Шипели на сковороде подгоревшие котлеты. Я выключил газ. Подумал: все, с самого начала, надо было сделать не так. Позвонить из гостиницы и сказать: «Даша, беда…» Надо было известить о своем приезде. Надо было со вчерашнего вечера просидеть с ней всю ночь. Может быть, до самого утра. Надо было, надо…

А я? Как нашкодивший мальчишка юркнул в спальную. Как наблудивший кот свернулся в своем уголке…

Я прошел в темные комнаты. Она сидела, облокотившись на подоконник. Лицом к улице. В проеме окна виднелись голые ветви, освещенные фонарем. Я щелкнул выключателем. Зажегся свет. Даша не обернулась.

– Давай поговорим спокойно…

Ни звука в ответ.

– Даша, мы ведь не дети.

Она молчала.

Бывало, мы повышали друг на друга голос. По мелочи, по чепухе. Больше от усталости, от раздражения, от неполадок на работе. Но никогда Даша не замыкалась в себе. Наоборот, ей непременно хотелось выяснить все до конца, убедить меня. А тут – отчуждение.

– Даша,– снова повторил я.

И по ее спине понял: разговор не получится. Во всяком случае – сейчас.

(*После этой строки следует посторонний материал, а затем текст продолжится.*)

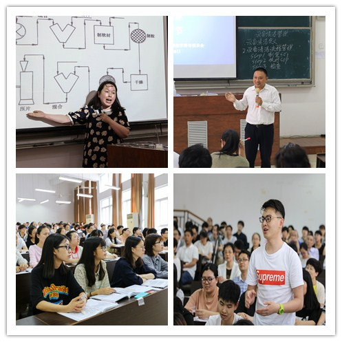 制药工程学院计竹娃老师在《药物制剂工艺与制备2》“片剂的制备”章节教学中采用基于慕课的翻转课堂教学模式,学生完成线上学习后,师生在线下课堂通过实景操作、案例分析对重难点知识进行学习研讨,掌握软材、湿颗粒制备过程的关键步骤和操作难点。教师在教学中充分运用现场操作、Flash动画、企业生产操作录像等方式引导学生明确药品生产过程中的关键质量控制点,切实增强严谨规范、精益求精的制药质量意识。商学院屠冰老师《GMP实施与管理》“设备清洁管理”一课从甲氨蝶呤药害事件导入,引起学生对设备清洁安全隐患的高度重视,随后采用视频教学、模拟检查等方式,构建合作学习、师生互动的课堂。教师将自己长期担任GMP检查员的丰富实战经验运用于课堂教学,有效培养学生编制设备清洁规程和检查判断能力,提高了质量管理意识。
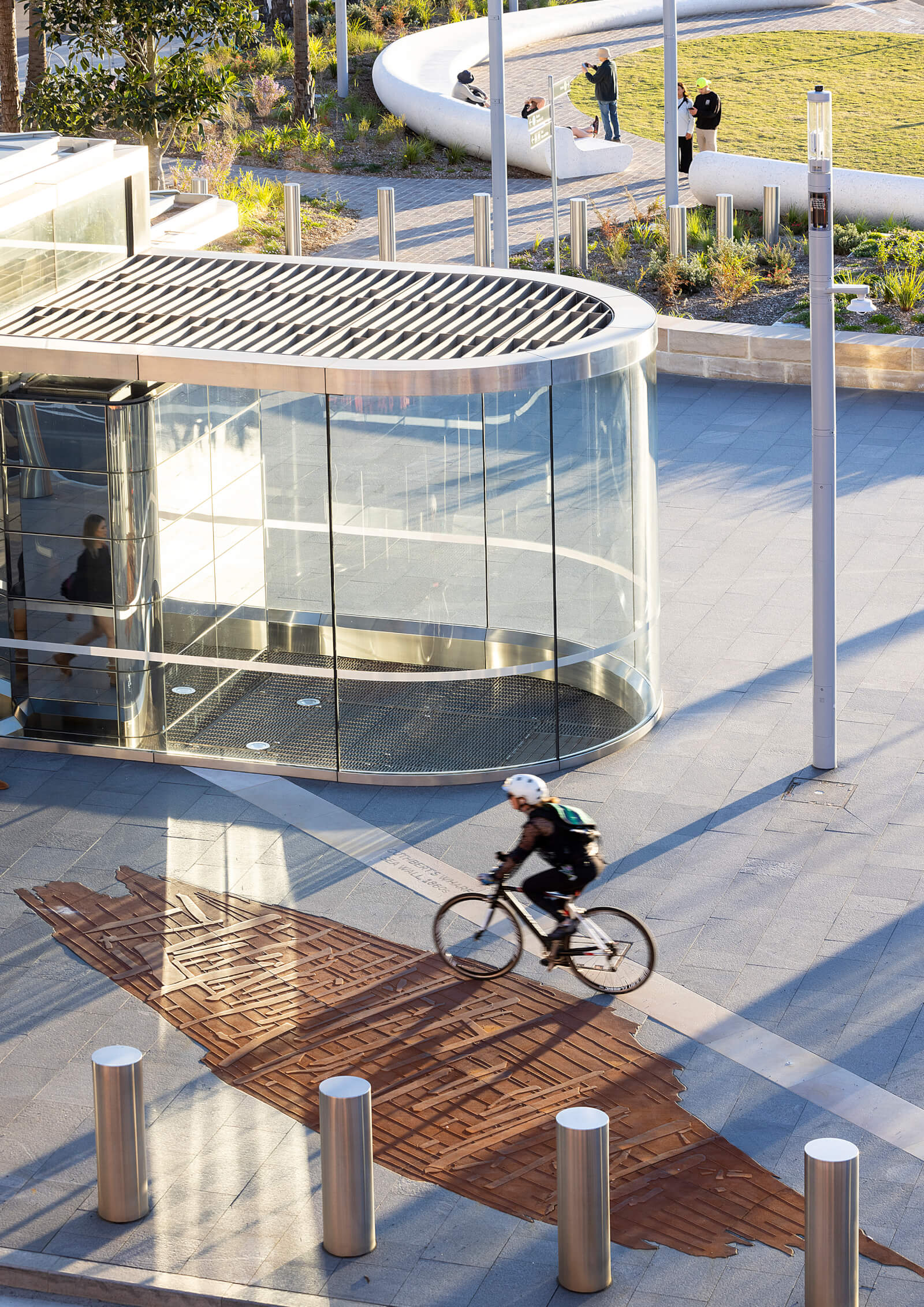 With its backdrop of Sydney Harbour, Barangaroo Station Park has become one of Sydney’s most memorable station plazas. An interpretive strategy instils Barangaroo Station Park with the site’s Indigenous and colonial heritage creating both a place to visit and a stepping stone to visit other locations and attractions.
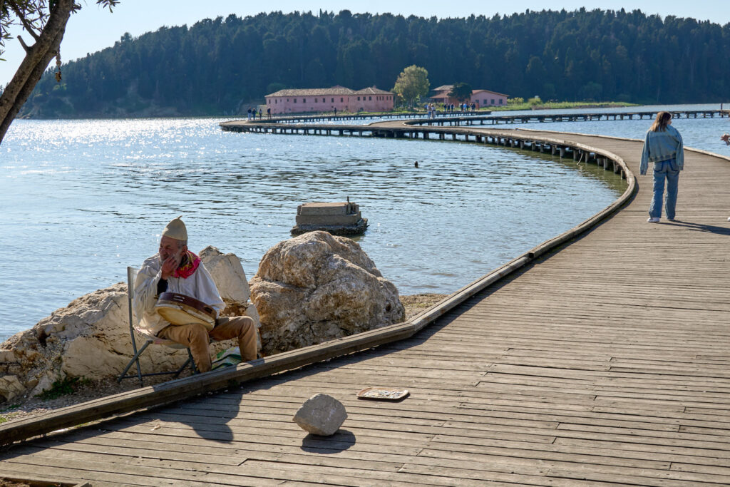 Dann fahren wir noch einkaufen und es ist wieder schwierig einen halbwegs gut sortierten Supermarkt zu finden. Am späten Nachmittag besuchen wir noch die Klosterinsel Zvernec. Ein gewundener Holzsteeg führt zur zu dem orthodoxen Kloster aus dem 13. Jhd. mit der Kirche Shen Merise.
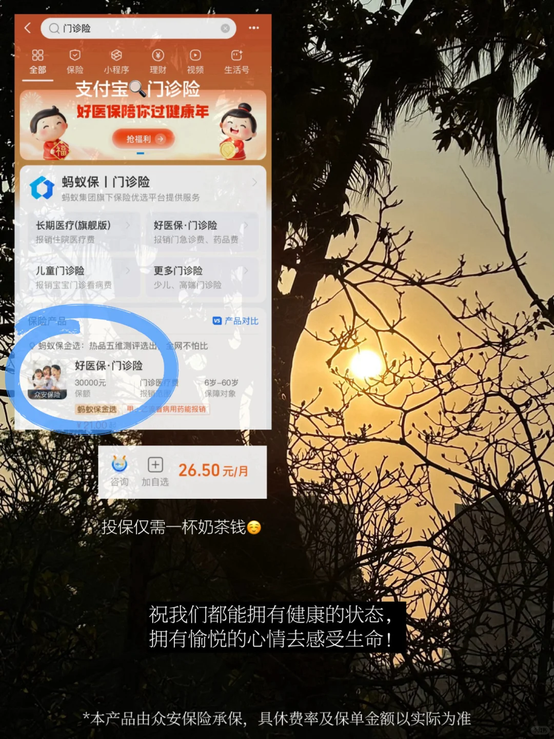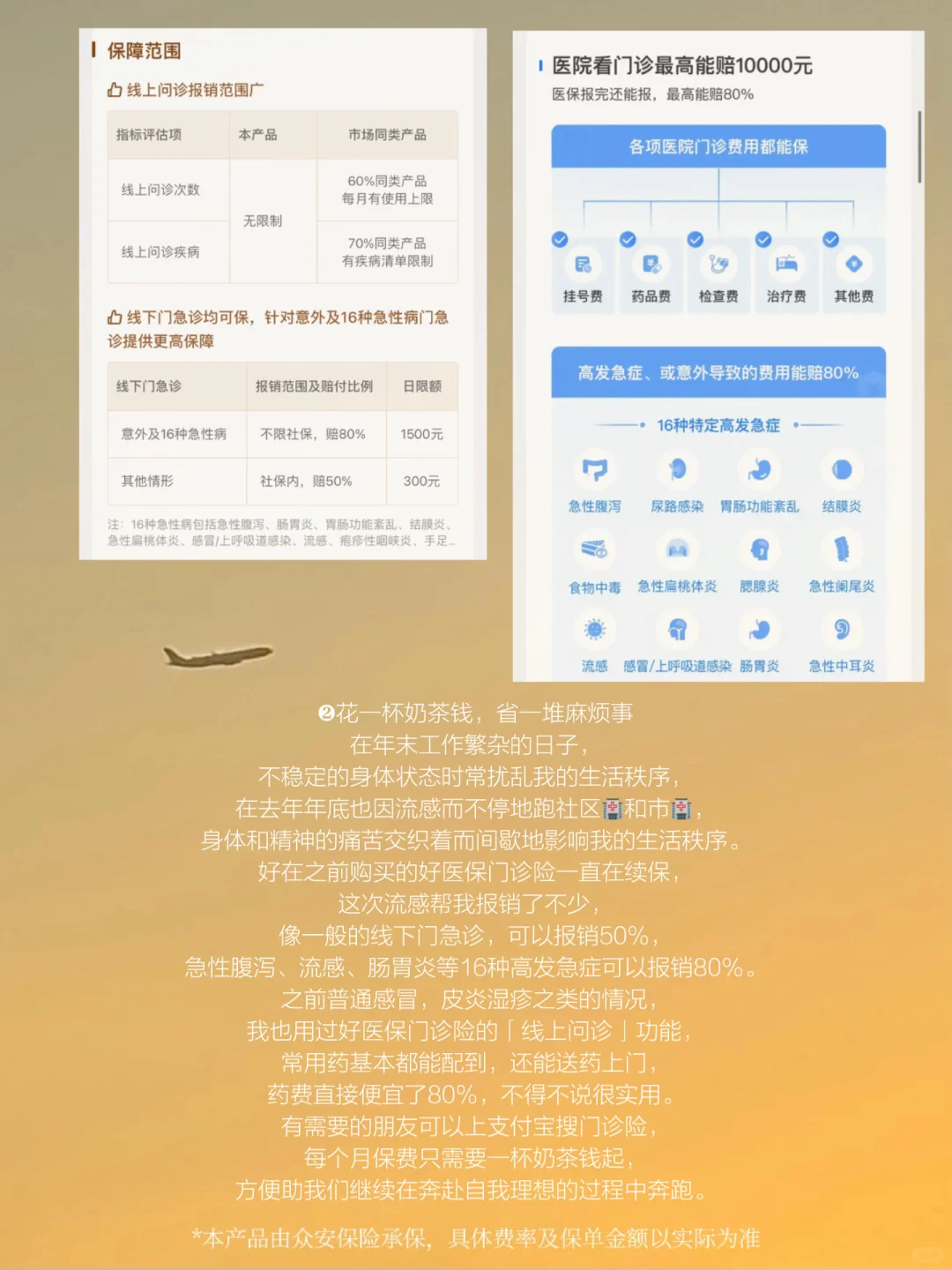 在年末工作繁杂的日子,不稳定的身体状态时常扰乱我的生活秩序,在去年年底也因流感而不停地跑社区🏥和市🏥,身体和精神的痛苦交织着而间歇地影响我的生活秩序。好在之前购买的好医保门诊险一直在续保,这次流感帮我报销了不少,像一般的线下门急诊,可以报销50%,急性腹泻、流感、肠胃炎等16种高发急症可以报销80%。
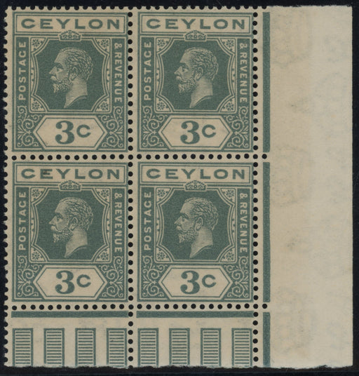 £5,750.00| /Ceylon 1921-32 3c slate-grey, script watermark, variety WATERMARK SIDEWAYS, SG340a. A fine unmounted mint, with full original gum, block of 4 from ...
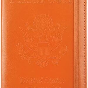 Passport and Vaccine Card Holder Combo, PU Leather with CDC Slot, Cover RFID Blocking, Credit Slots, Pen Wallet (Orange)
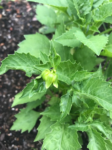 This is the first promising development on the dahlia front and the first to produce a flower bud. It looks like it might be yellow, what do you think?
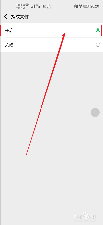 在指纹支付功能内选择“开启”,此时在通过微信进行支付交易时就可以使用支付验证了。
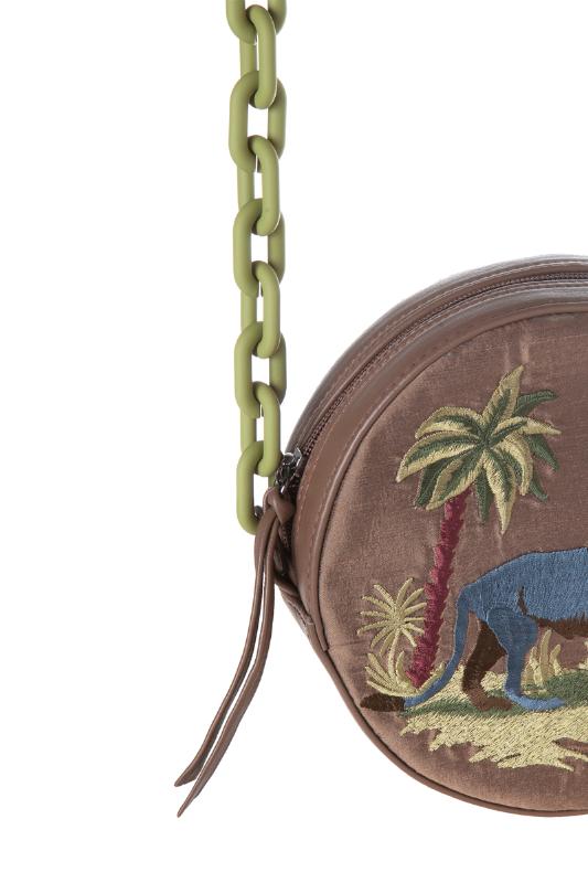 Στρογγυλή τσάντα διπλής όψεως από βισκόζ-μετάξι και δέρμα.
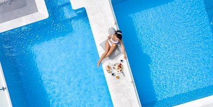 Delivering more than the usual experience of a poolside heaven, the pool area of Splendour Hotel & Suites travels through the blue hues that the east side of Santorini creates. Barefoot moments with a refreshing touch are served next to the water in the form of exquisite cocktails and favorite snack-meals, while phenomenal Aegean views guide the summer spirit in your body and soul. Find yourself in the dilemma between swimming or sunbathing, treat yourself with unrivaled views, and accompany this experience with new heights of pleasure.
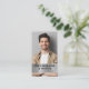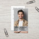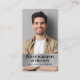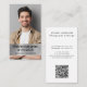 Moderne Visitenkarte mit Ihrem Foto überlagert mit Ihrem Namen und Titel in fett gedruckter Typografie auf einem bürstenartigen silbernen Imitat Metallstreifen. Fügen Sie auf der Rückseite Ihre Kontaktinformationen hinzu und geben Sie eine URl-Adresse ein, um einen scannbaren QR-Code zu erstellen, der mit Ihrer Website, Ihrem Portfolio, Ihrem Social Media-Profil oder einer anderen Plattform, die Ihre Arbeit zeigt, verbunden ist.
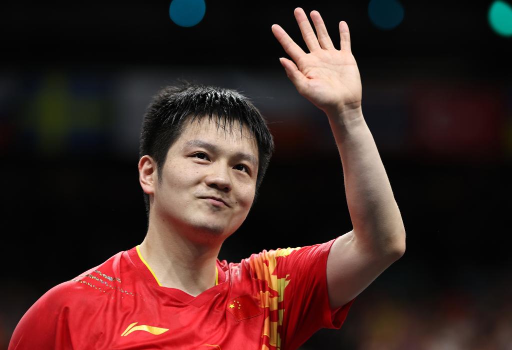 8月4日,樊振东在比赛后向观众挥手致意。新华社记者 王东震 摄
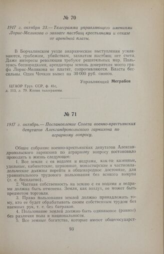 1917 г. октябрь. — Постановление Совета военно-крестьянских депутатов Александропольского гарнизона по аграрному вопросу
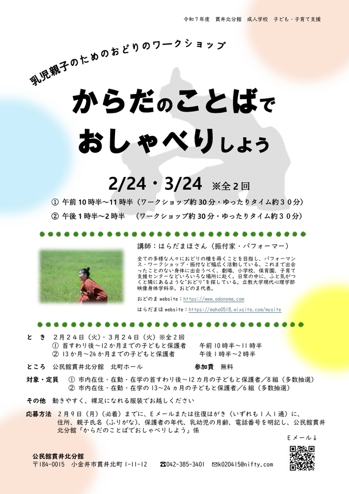 公民館貫井北分館 成人学校 子ども・子育て支援「乳児親子のためのおどりのワークショップ からだのことばでおしゃべりしよう」を開催します

Я вышел из спальни. Включил свет в столовой. Блестел экран телевизора, за стеклом серванта искрились грани хрустальных рюмок. На полке с книгами корчила рожицу деревянная коричневая обезьянка.

Мне захотелось на улицу. Я тихо оделся. Тихо щелкнул замком. Спустился по лестнице. Зла во мне не было, была обида. Неужели, прожив со мной столько лет, жена не знает меня? Если жена не верит, что уж говорить о Зарубине, об Авдееве? А мне так необходимо было излить перед кем-нибудь душу. Такой человек жил через два дома. И я подсознательно двигался к нему… Дверь мне открыл Матвейка. Ему восемь лет.

– Папа, прокурор пришел! – крикнул он с порога.

От знакомого голоса, от того, что я пришел сюда, что сейчас увижу и поговорю с этими людьми, у меня потеплело на душе.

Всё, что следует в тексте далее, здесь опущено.